К сожалению, ни у кого (в том числе и у Юнга) не хватило мужества им «сказать, что германские рабочие вовсе не думают брать на себя обязательства по организации мировой революции»{839}. Но процесс дарвинистского отбора вскоре пойдет и в международном масштабе. За русскими Юнг видел марширующие массы Востока, «а они ближе к коммунизму, потому что он для них более естественен»{840}. «Красная армия марширует на Востоке под лозунгом “за бедных и угнетенных, за нищих, за слепых и прокаженных”… Влияние коммунизма в магометанстве приобрело колоссальный размах… Время созрело. Чтобы остановить великое вымирание народов, надо будет пожертвовать буржуазными классами, таков закон природы»{841}.
Если немецким красноармейцам не удастся с помощью революционной пропаганды превратить наемников Антанты «в товарищей», то это будет означать новую мировую войну: «Пусть при этом погибнет немецкий человек, да и немецкий народ. Тогда мы будем довольны, ведь мировая революция будет шириться»{842}.
В стране религии нового человечества
Первым путешественником в Советскую Россию мог стать писатель и экспрессионист Артур Голичер, который в 1917 г. познакомился с Карлом Радеком в Стокгольме при подготовке несостоявшегося съезда по вопросу о мирном договоре, а в 1919 г. навещал его в Моабитской тюрьме.
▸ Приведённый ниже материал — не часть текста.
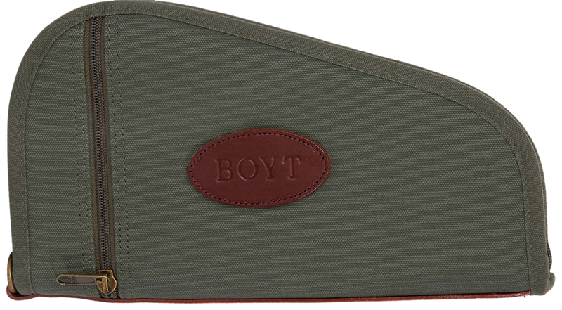 Boyt Harness OD Green canvas pistol case designed to hold a single handgun with protective padding throughout. Features a full-length zipper for secure access and measures 13.0" L x 9.5" W x 2.2" H.

Радек спросил Голичера, «не желает ли он войти в комиссию, которая вместе с ним отправится в Россию», чтобы прозондировать возможность скорого возобновления экономических связей{843}.
До войны Артур Голичер входил в группу, объединившуюся вокруг журнала «Акцион», который издавал Франц Пфемферт. В 1915–1916 г. он был корреспондентом на разных фронтах Первой мировой войны, а затем начал склоняться к пацифизму и социализму. После Ноябрьской революции стал одним из инициаторов «Совета духовных рабочих» в Берлине. Но из «комиссии» Радека ничего не вышло, и Голичер, наконец, отправился в Россию только через год, на сей раз по заданию американского телеграфного агентства «Юнайтед телеграф», намереваясь также написать книгу о своих впечатлениях о поездке. Книга «Три месяца в Советской России» вышла в начале 1921 г. первоначальным тиражом 15 тыс. экземпляров в издательстве «С. Фишер» как ответ на успешное издание книги Гольдшмидта «Москва в 1920 году», выпущенной издательством «Ровольт».
В самом начале книги Голичер задается вопросом, как въехать «в осажденную, многократно оклеветанную и многократно прославлявшуюся страну» и там по-настоящему «узнать самое существенное». Ортодоксальный коммунист-партиец вряд ли что-нибудь узнает; «он въедет в Россию и покинет ее по четко установленному маршруту». Но якобы независимому путешественнику будет еще хуже: «Всякие тщеславные попутчики, подпольные дельцы, коварные предатели так и кишат на этой горячей и пестрой почве»{844}. Остается ничтожное меньшинство «жадных до правды, жаждущих — в хорошем смысле — знания, имеющих на это право и призванных, серьезных и верных», к каковым он причислял в Германии разве что Альфонса Паке и себя самого.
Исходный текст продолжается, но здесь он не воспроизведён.